2 Seniors start Bloomington Grub Club membership card

Seniors Robert Demaree and David Cavise said they wanted to develop a concept for a coupon where there was value for the restaurant, customers and themselves.

That is how Grub Club came to be.

“T.I.S. gives you coupons every year but they sit in a drawer and you don’t use them,” Demaree said.

Cavise argued that it wasn’t about the form of the T.I.S. coupons, but because their coupon values were not good enough. And the “free appetizer with any entree” coupons don’t work either, Cavise said.

“It doesn’t necessarily get you in the door, so we asked ourselves how do we get people in the door?”

Their answer to this question was the Grub Club card. Costing $20, Demaree and Cavise said the customer is actually receiving food valued at around $75 with tax.

For $20 the cardholder is able to get a special deal at 10 different Bloomington restaurants. The cardholder can only use the card at each restaurant once.

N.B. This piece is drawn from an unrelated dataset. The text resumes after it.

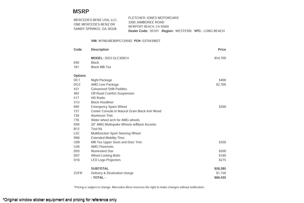 Fletcher Jones Motorcars, the nation’s #1 certified pre-owned Mercedes-Benz sales center, presents this 2023 Mercedes-Benz GLC GLC 300 4MATIC Coupe. This Mercedes-Benz has 22,744 miles and comes in a Black on AMG Black color combination. Live out of the area? Contact us to discuss convenient delivery options. (949) 718-3000
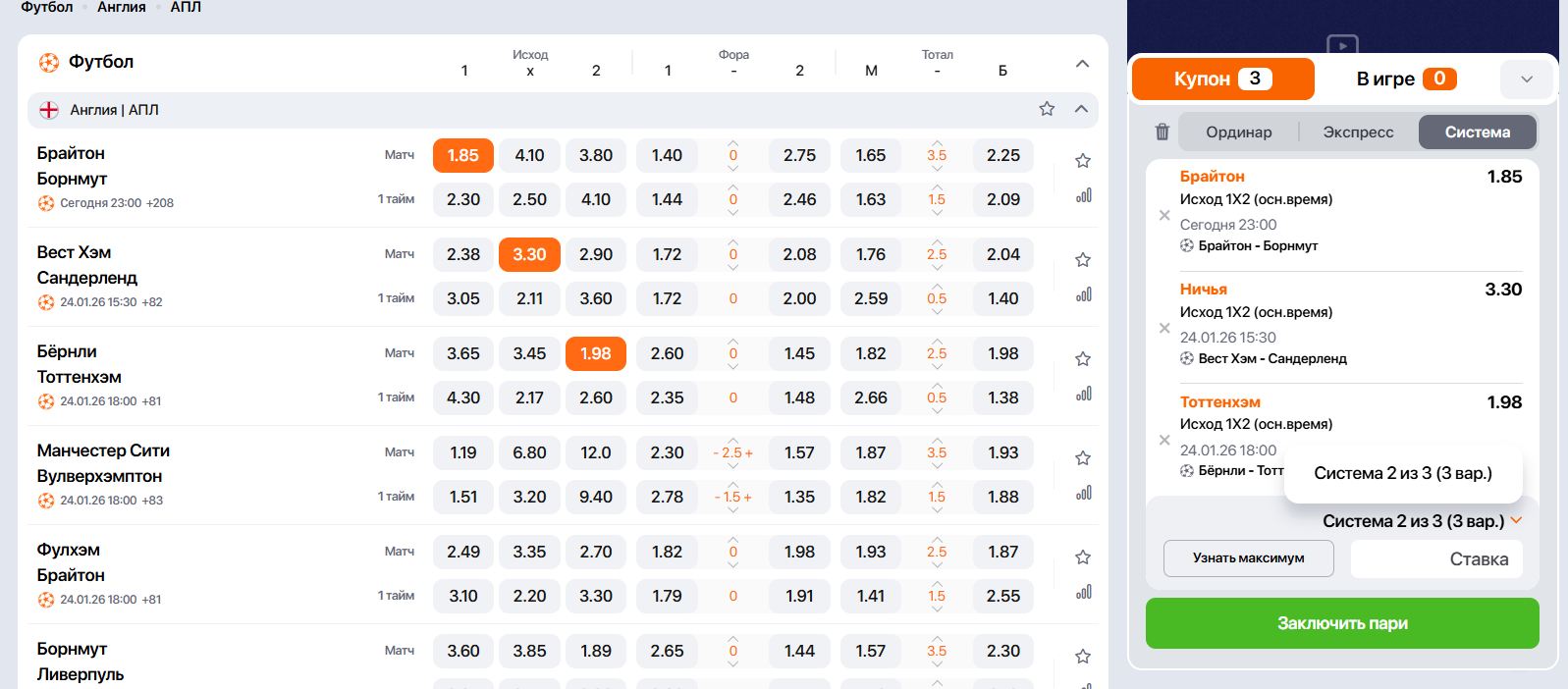 Выбор ставки типа система в купоне БК Винлайн

So once they order, the restaurant will scratch off their circle on the card.

There are a total of 1,500 cards available, which Cavise said was a reasonable number to request of food for each restaurant to give away. Demaree and Cavise were the ones who selected local restaurants for the cards.

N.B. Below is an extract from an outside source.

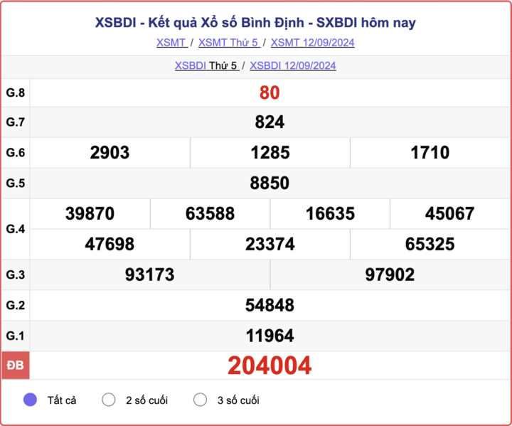 XSBDI- XSBDI - Xổ số Bình Định thứ năm ngày 12/09/2024

“We went to 12 restaurants, and 10 committed at the first meeting,” Cavise said.
Each cardholder has a member number, so when they buy the card, they receive a brochure and wallet-sized card with information on the restaurants.

Cavise and Demaree said they also ask that anyone purchasing the card fill out a survey answering whether they have eaten at any of the participating restaurants before.

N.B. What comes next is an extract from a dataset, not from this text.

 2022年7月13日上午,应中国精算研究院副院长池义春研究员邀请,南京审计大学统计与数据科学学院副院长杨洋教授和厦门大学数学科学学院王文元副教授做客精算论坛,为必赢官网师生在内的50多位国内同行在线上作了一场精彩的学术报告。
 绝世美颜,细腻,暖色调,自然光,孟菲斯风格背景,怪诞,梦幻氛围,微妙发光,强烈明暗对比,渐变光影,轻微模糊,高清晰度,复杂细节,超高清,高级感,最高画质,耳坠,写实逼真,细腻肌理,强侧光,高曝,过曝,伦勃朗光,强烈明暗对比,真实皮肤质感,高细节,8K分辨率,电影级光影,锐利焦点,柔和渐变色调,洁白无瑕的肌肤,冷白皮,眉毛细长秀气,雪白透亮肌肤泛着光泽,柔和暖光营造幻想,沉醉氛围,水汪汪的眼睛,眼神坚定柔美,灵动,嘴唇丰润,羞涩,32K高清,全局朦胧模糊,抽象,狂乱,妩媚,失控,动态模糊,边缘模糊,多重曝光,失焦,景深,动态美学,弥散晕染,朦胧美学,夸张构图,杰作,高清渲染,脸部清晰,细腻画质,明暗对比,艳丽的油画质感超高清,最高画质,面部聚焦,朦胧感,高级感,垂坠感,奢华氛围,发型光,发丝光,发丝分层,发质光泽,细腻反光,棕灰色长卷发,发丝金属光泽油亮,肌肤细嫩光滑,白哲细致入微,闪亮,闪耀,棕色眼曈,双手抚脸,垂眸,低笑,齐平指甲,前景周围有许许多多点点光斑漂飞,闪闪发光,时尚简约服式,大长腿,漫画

“The real value we get from selling the cards is the information we collect from the restaurants,” Cavise said. He and Demaree will receive feedback from students after they have used their entire card via emails.

They will use that information to see how effective the cards are in getting people who have never eaten at the restaurants to return or not.

“The underlying concept is that a customer who regularly eats at Dats or Soup On is getting free food from eight other restaurants when otherwise they would have stepped into a different restaurant,” Demaree said.

Cavise and Demaree hired other students as representatives to help them advertise and sell the cards by working with social media.

Grub Club already has a Facebook and twitter account, @BtownGrubClub, that representatives will update telling people where they can purchase the cards.

“It’s to get kids who are already in love with Uncle D’s, but who haven’t heard of Fortune Cookies,” Demaree said. “We’re tapping into every network.”

Demaree and Cavise said they have been friends since the fourth grade and started a business together in high school selling campus textbooks cheaper.

“We are fans of do it yourself,” Cavise said. “We like the control and that you can make your own decisions.”

Demaree said he and Cavise are constantly bouncing ideas back and forth about business opportunities.

“This is ours and we can claim it,” Demaree said. “All the late night talks are coming to life.”